▶ _Data for analysis_
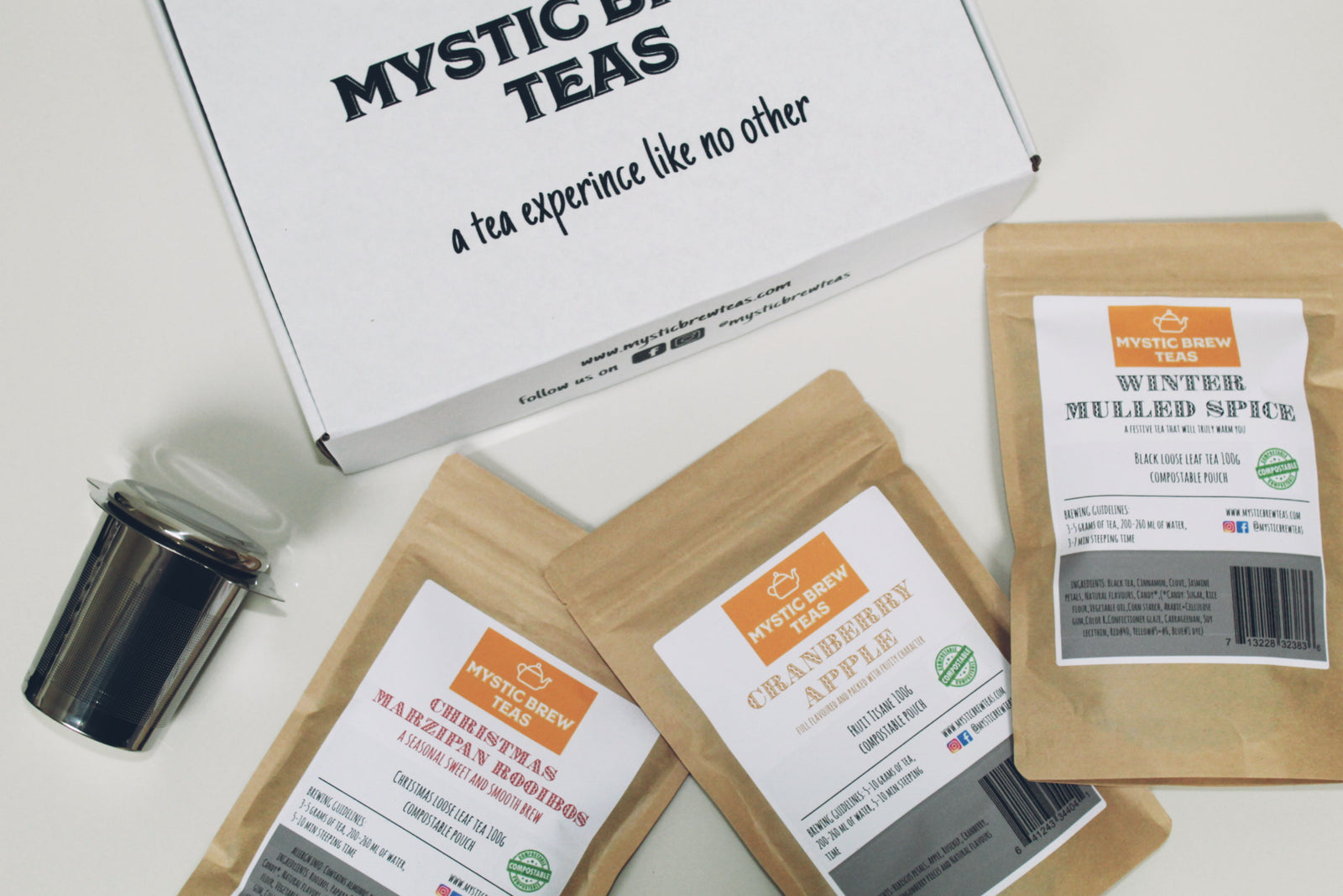 We care about our impact on the environment. Our tea comes in variety of eco-friendly packaging including recyclable caddies and compostable pouches and eco mailing boxes.
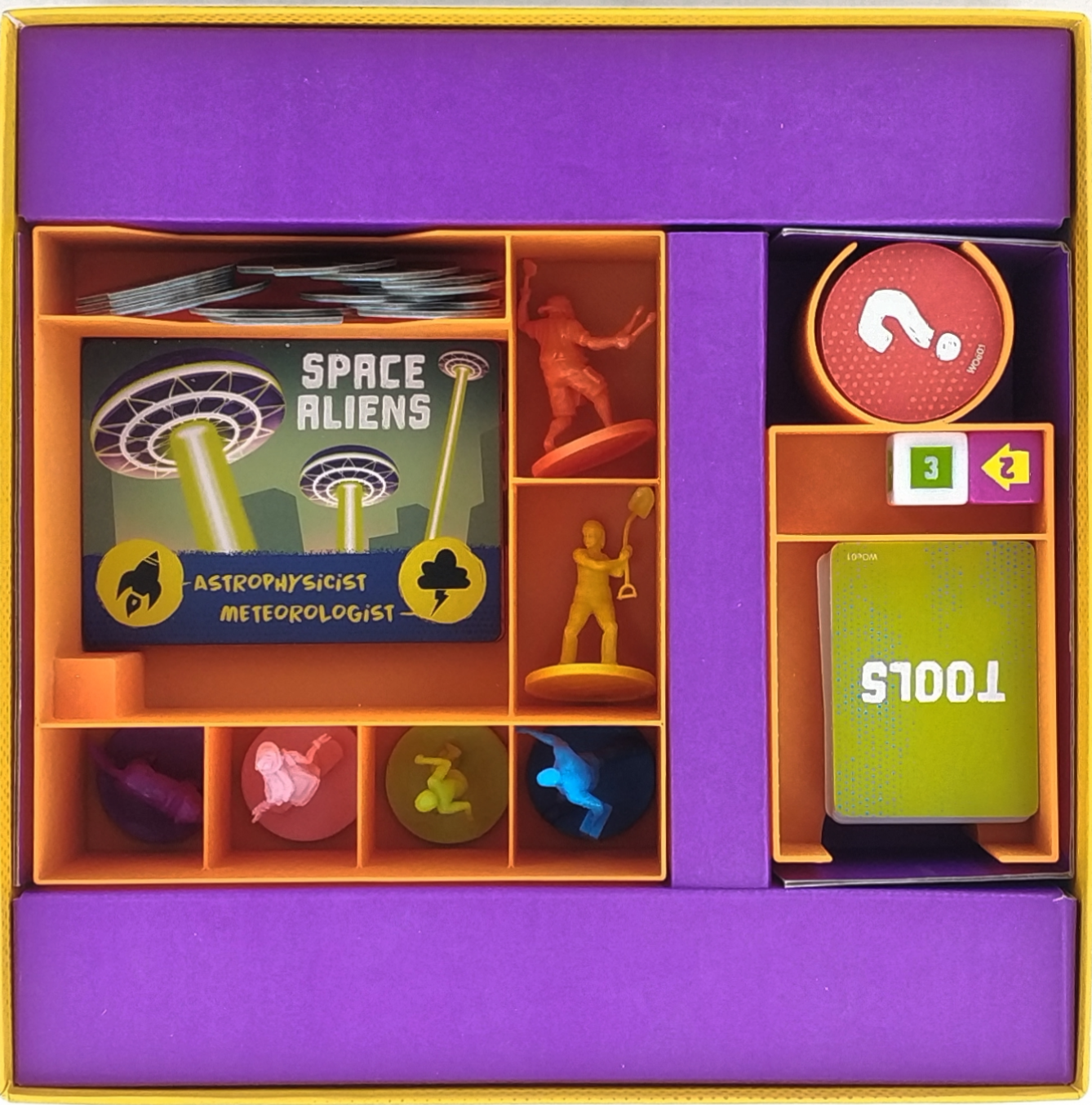 - 1 plastic card holder with three compartments for small-format playing like tool cards + dice and science tokens
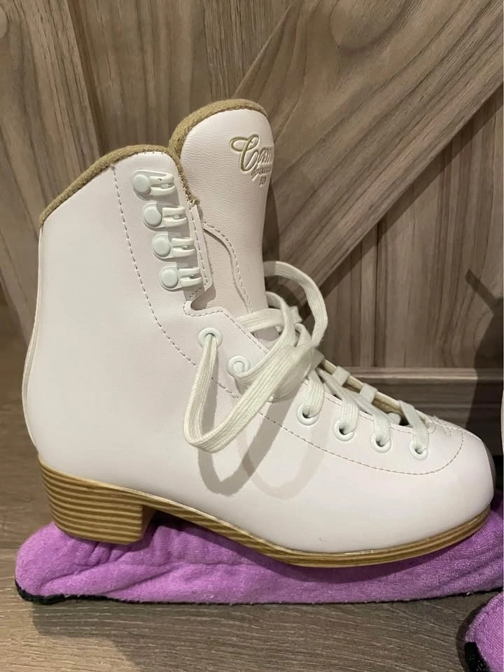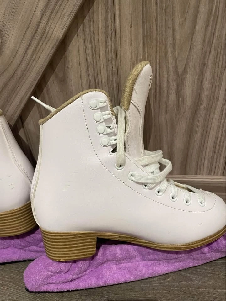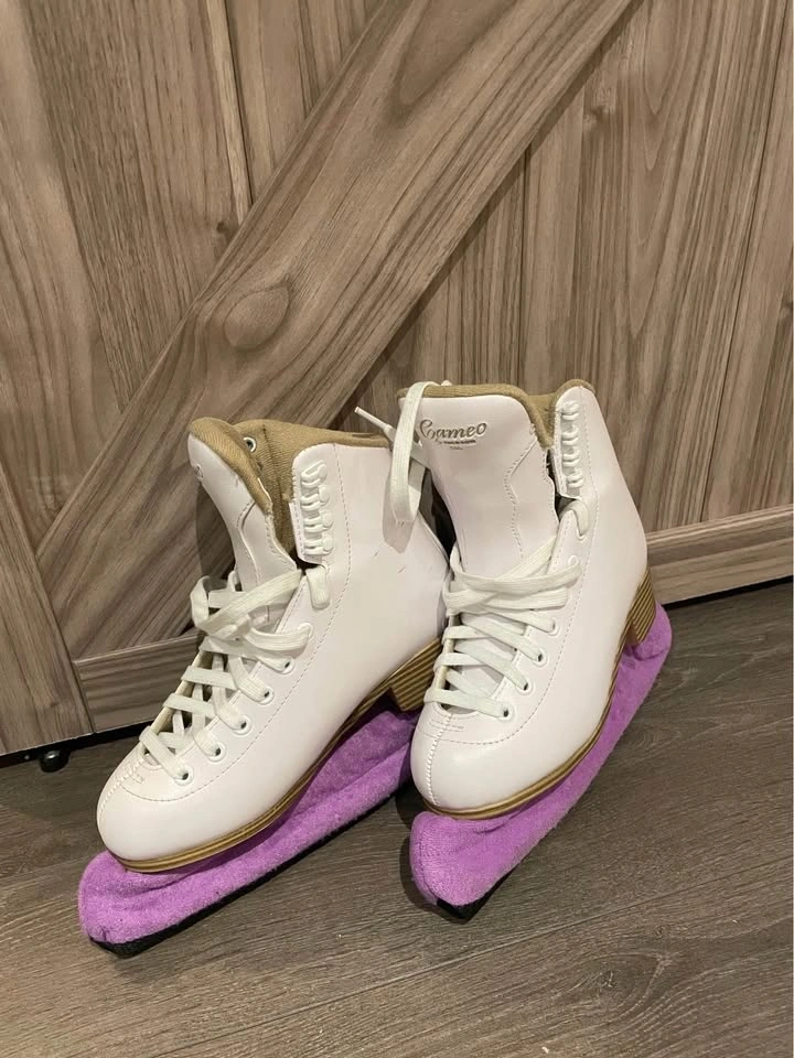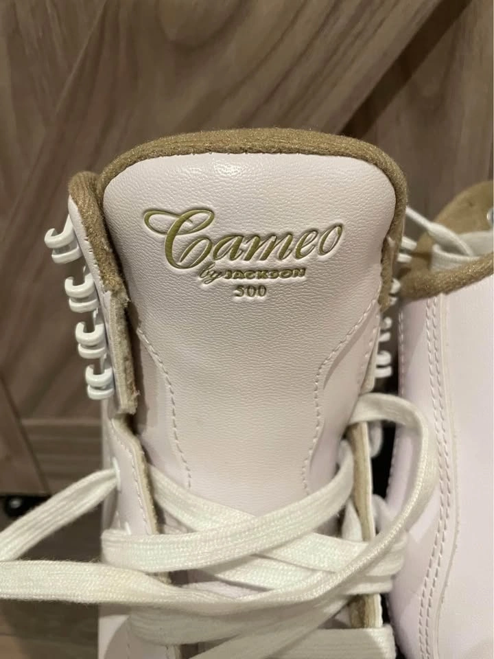Jackson Cameo 500 Figure skates - Size 4. Excellent Like New Condition. Used maybe 10-15 times before my daughter outgrew them. Some scuffs on the outside as pictured.
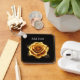 Una detallada rosa dorada rodeada de bordes radiantes, situada sobre un fondo negro profundo. Atmósfera elegante y lujosa ideal para diseños decorativos, románticos o de celebración.
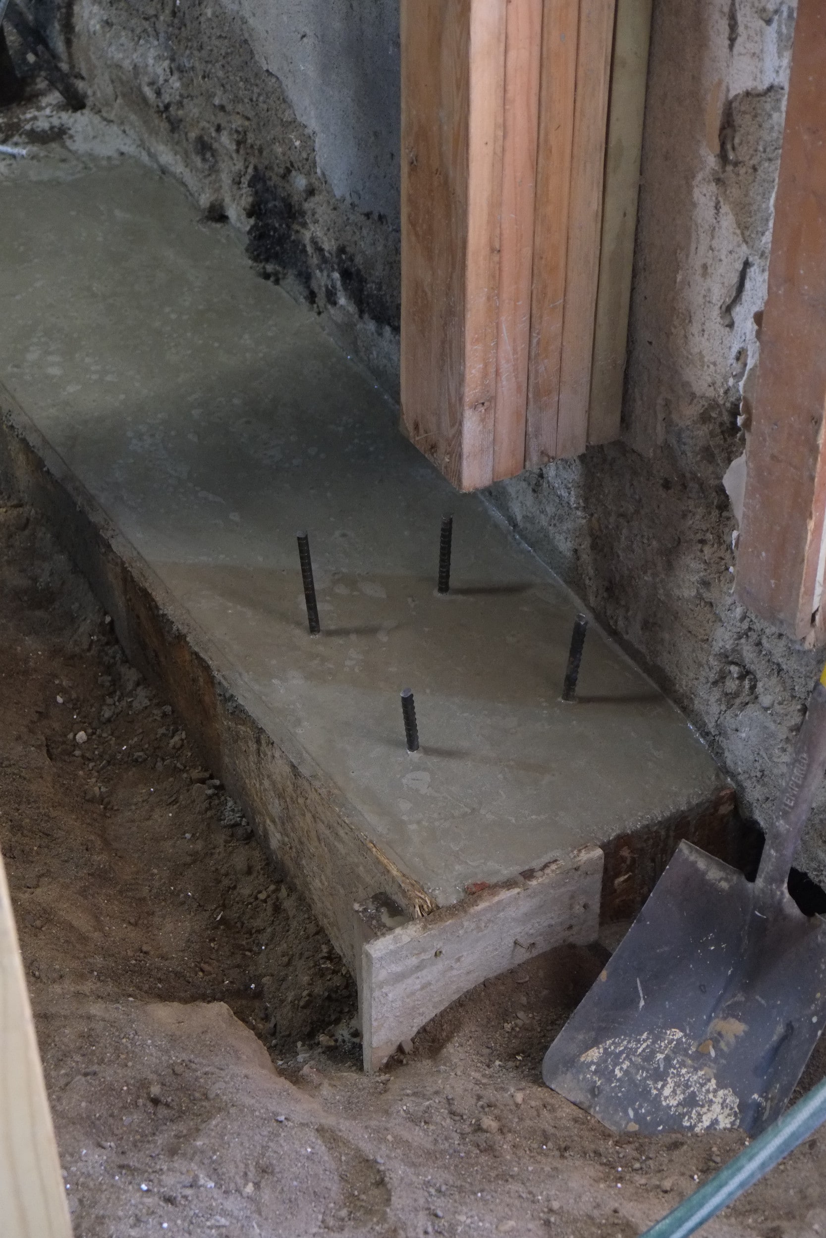 For the third block we also had the chance to continue our efforts at beefing up the existing footings. In places you could put your hand maybe 8″ under the walls so it was nice to get all this sorted out. We tied this new pour into the existing footings with epoxied rebar.
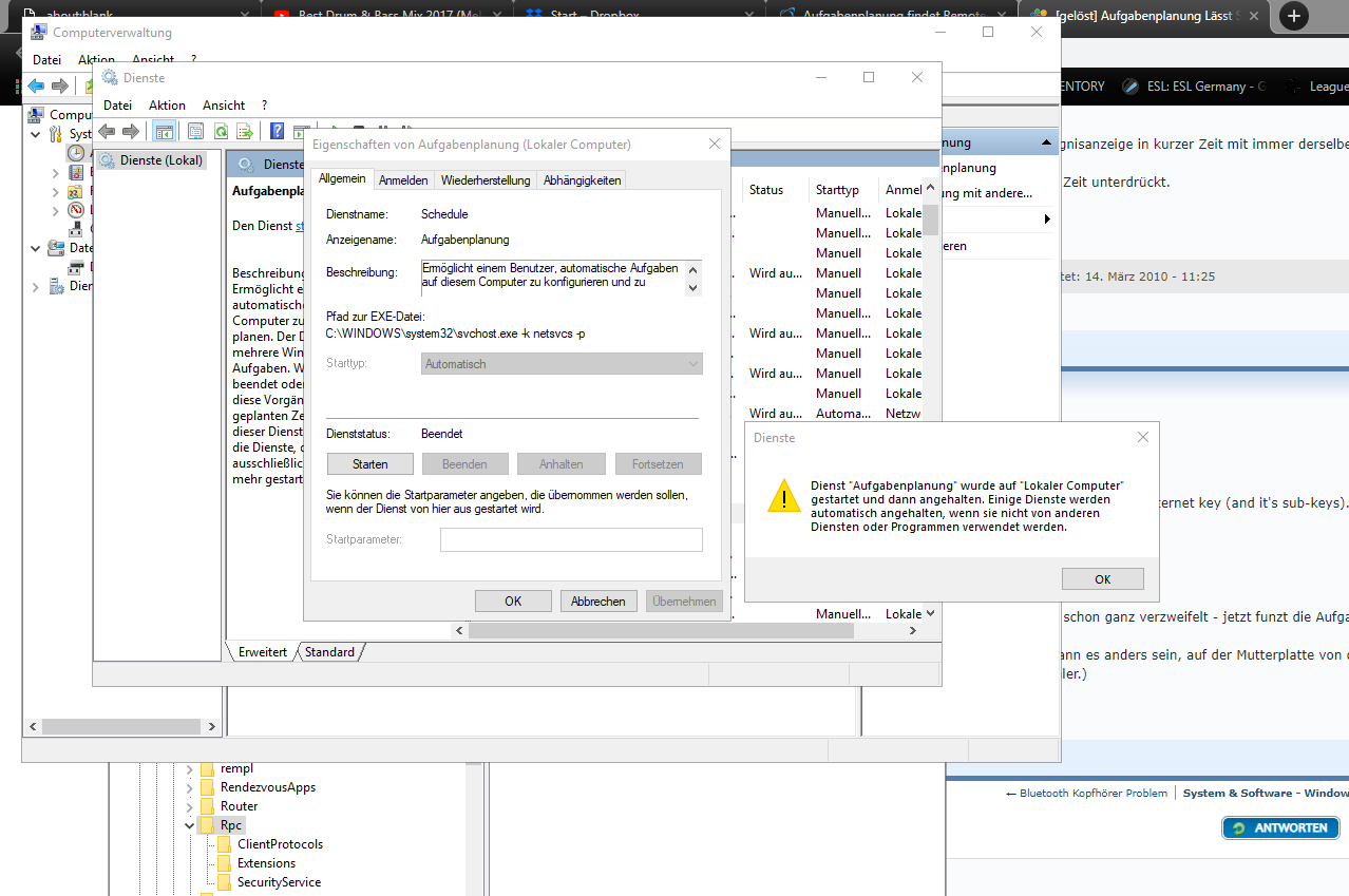 ich vermute, dass durch ein Systemwiederherstellungsprozess mein System (Betriebssystem: Windows 10 Home 64bit) aktuell beschädigt ist, und zwar möchte ich einen Grafiktreiber Update über NVIDIA Experience ausführen und bekomme prompt die Fehlermeldung das der Aufgabenplaner nicht aktiv wäre. Über Services.msc steht bei Aufgabenplaner aber alles auf Automatisch und "Wird ausgeführt". Wenn ich den Aufgabenplaner selbst aufrufen möchte bekomme ich eine Fehlermeldung "Der Dienst ''Aufgabenplanung'' auf ''Lokaler Computer'' konnte nicht gestartet werden.". Irgendwelche Ideen für einen Fix? Komplette Neuinstallation kommt nicht in Frage, da ein halbes Jahr Programm arbeit auf der Partition liegt.

▶ _Task brief_
Emit the lines of the material exactly, from its first line to the line containing "Una detallada rosa", inclusive; leave every picture out.

▶ _Task response_
 We care about our impact on the environment. Our tea comes in variety of eco-friendly packaging including recyclable caddies and compostable pouches and eco mailing boxes.
 - 1 plastic card holder with three compartments for small-format playing like tool cards + dice and science tokens
Jackson Cameo 500 Figure skates - Size 4. Excellent Like New Condition. Used maybe 10-15 times before my daughter outgrew them. Some scuffs on the outside as pictured.
 Una detallada rosa dorada rodeada de bordes radiantes, situada sobre un fondo negro profundo. Atmósfera elegante y lujosa ideal para diseños decorativos, románticos o de celebración.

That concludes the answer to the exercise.